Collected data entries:
Content starts

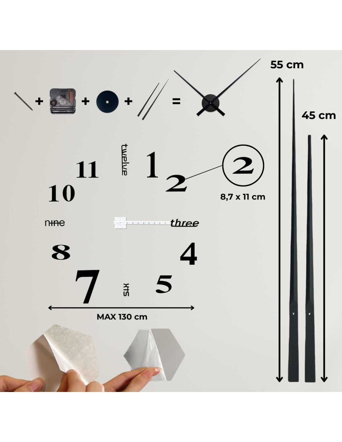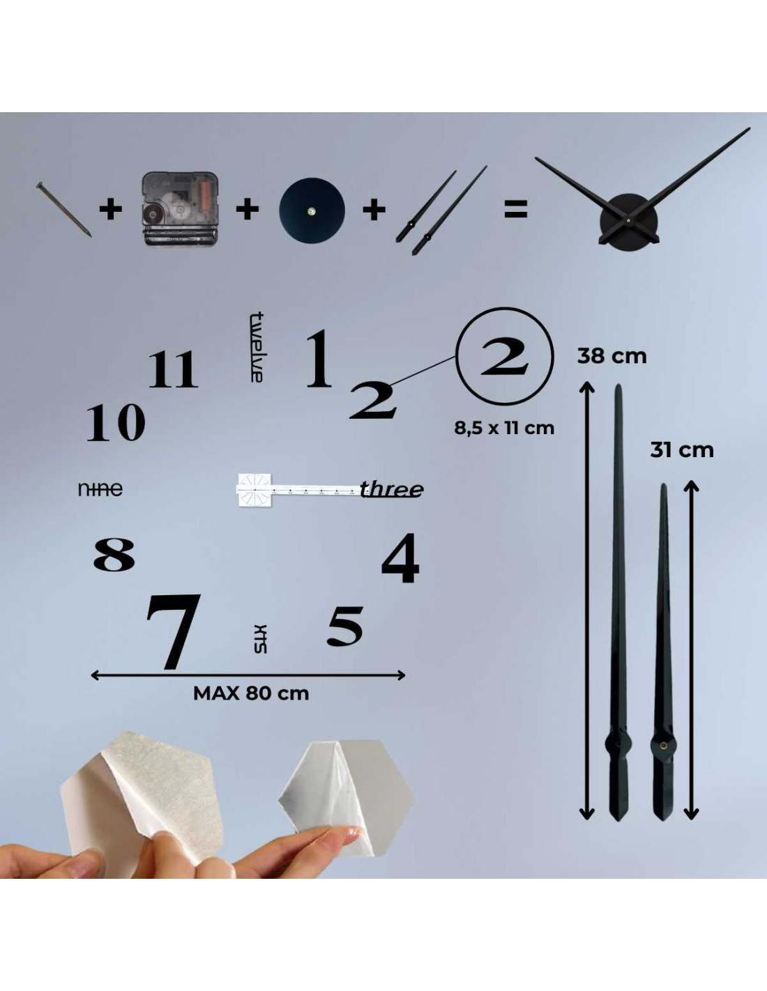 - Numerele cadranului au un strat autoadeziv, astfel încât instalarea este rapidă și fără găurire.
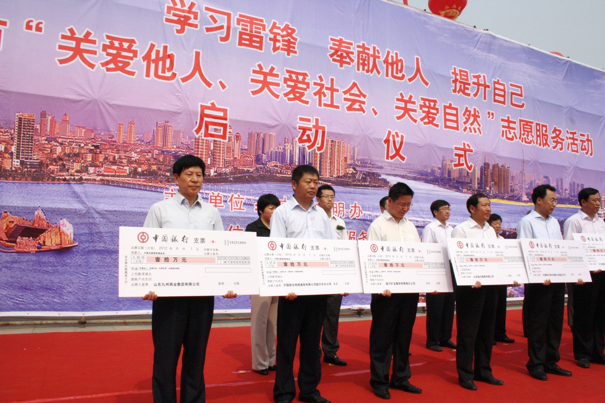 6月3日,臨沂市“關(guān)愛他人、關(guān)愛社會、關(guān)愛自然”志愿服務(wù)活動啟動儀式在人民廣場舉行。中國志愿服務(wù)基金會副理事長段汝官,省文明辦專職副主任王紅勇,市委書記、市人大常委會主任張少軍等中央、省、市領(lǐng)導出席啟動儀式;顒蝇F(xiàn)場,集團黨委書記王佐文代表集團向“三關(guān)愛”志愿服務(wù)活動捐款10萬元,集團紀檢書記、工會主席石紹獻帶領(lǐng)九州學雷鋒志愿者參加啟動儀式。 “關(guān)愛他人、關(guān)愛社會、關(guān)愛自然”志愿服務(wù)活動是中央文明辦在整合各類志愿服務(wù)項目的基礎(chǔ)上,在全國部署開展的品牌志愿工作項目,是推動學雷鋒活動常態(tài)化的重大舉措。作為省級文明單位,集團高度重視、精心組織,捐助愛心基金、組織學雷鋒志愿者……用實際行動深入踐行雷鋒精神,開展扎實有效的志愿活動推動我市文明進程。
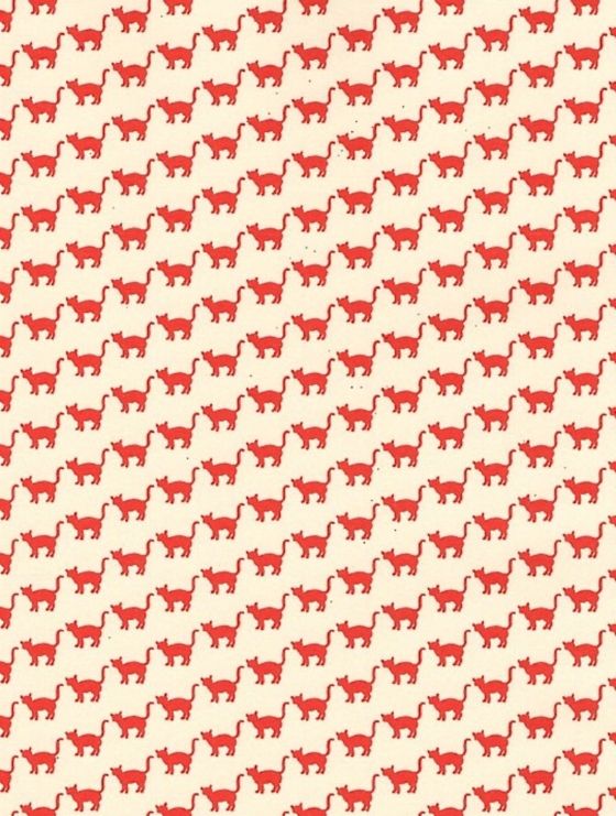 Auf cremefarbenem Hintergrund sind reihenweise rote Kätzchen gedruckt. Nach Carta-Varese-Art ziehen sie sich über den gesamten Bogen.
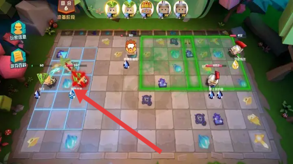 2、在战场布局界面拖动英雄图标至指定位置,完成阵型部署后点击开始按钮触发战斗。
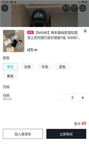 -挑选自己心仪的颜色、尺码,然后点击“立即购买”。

Content ends

> EXERCISE AIM:
Output, exactly and without pictures, the span of lines that starts at the line containing "Auf cremefarbenem Hintergrund" and ends at the last line above.

> SOLUTION TO THIS EXERCISE:
 Auf cremefarbenem Hintergrund sind reihenweise rote Kätzchen gedruckt. Nach Carta-Varese-Art ziehen sie sich über den gesamten Bogen.
 2、在战场布局界面拖动英雄图标至指定位置,完成阵型部署后点击开始按钮触发战斗。
 -挑选自己心仪的颜色、尺码,然后点击“立即购买”。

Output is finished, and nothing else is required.